More than a decade ago, I worked with Rebecca Baier and Jeff Lidz to try to investigate audio-visual (AV) integration in 2 month old infants (Baier et al 2007). Infants were presented with one audio track along with two synchronized silent movies of the same person (namely Rebecca) presented on a large TV screen. The movies were of different syllables being produced; the audio track generally matched one of the movies. Using this method we were able to replicate the results of Kuhl & Meltzoff 1982 that two month old infants are able to match faces and voices among /a/, /i/, and /u/. Taking this one step further, we were also able to show that infants could detect dynamic syllables, matching faces with for example /wi/ vs. /i/. We did some more poking around with this method, but got several results that were difficult to understand. One of them was a failure of the infants to match on /wi/ vs /ju/. (And we are pretty sure that "we" and "you" are fairly frequently heard words for English learning infants.) Furthermore, when they were presented with /ju/ audio alongside /wi/ and /i/ faces, they matched the /ju/ audio with the /wi/ video. This behavior is at least consistent with a syllable-oriented point of view: they hear a dynamic syllable with something [round] and something [front] in it, but they cannot tell the relative order of [front] and [round]. This also seems consistent with the relatively poor abilities of infants to detect differences in serial order (Lewkowicz 2004). Rebecca left to pursue electrical engineering and this project fell by the wayside.
This is not to say that infants cannot hear a difference between /wi/ and /ju/, though. I expect that dishabituation experiments would succeed on this contrast. The infants would also not match faces for /si/ vs /ʃi/ but the dishabituation experiment worked fine on that contrast (as expected). So, certainly there are also task differences between the two experimental paradigms.

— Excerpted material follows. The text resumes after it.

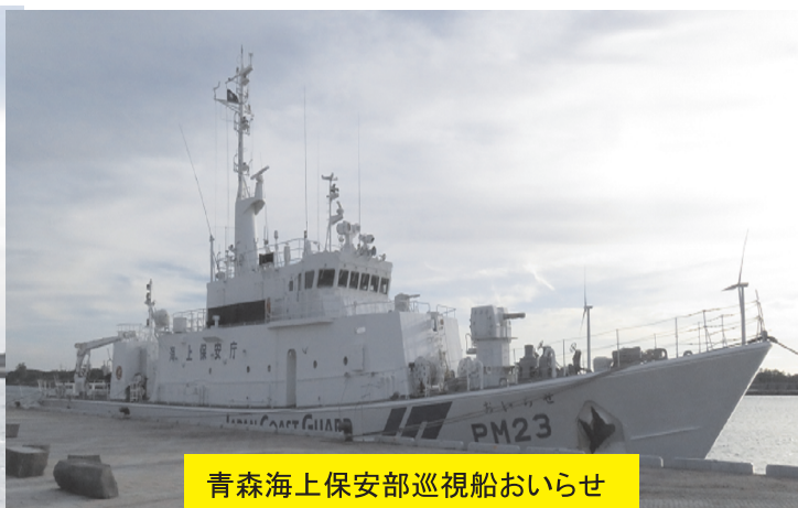
青森海上保安部巡視船おいらせ

But I think that now we may have a way to understand these results more formally, using the Events, Features and Precedence model discussed on the blog a year ago, and developed more extensively in Papillon 2018. In that framework, we can capture a /wi~ju/ syllable schematically as (other details omitted):
The relative ordering of [front] and [round] is underspecified here, as is the temporal extent of the events. The discrimination between /wi/ and /ju/ amounts to incorporating the relative ordering of [front] and [round], that is, which of the dashed lines is needed in:
When [round] precedes [front], that is the developing representation for /wi/; when [front] precedes [round] that is the developing representation for /ju/. Acquiring this kind of serial order knowledge between different features might not be that easy as it is possible that [front] and [round] are initially segregated into different streams (Bregman 1990) and order perception across streams is worse than that within streams. It's conceivable that the learner would be driven to look for additional temporal relations when the temporally underspecified representations incorrectly predict such "homophony", akin to hashing collision.
If we pursue this idea more generally, the EFP graphs will gradually become more segment oriented as additional precedence relations are added, as in:
And if we then allow parallel, densely-connected events to fuse into single composite events we can get even closer to a segment oriented representation:
So the general proposal would be that the developing representation of the relative order of features is initially rather poor and is underspecified for order between features in different "streams". Testing this is going to be a bit tricky though. An even more general conclusion would be that features are not learned from phonetic segments (Mielke 2008) but that features are gradually combined during development to form segment sized units. We could also include other features encoding extra phonetic detail to these developing representations, it could then be the case that different phonetic features have different temporal acuity for the learners, and so cohere with other features to different extents.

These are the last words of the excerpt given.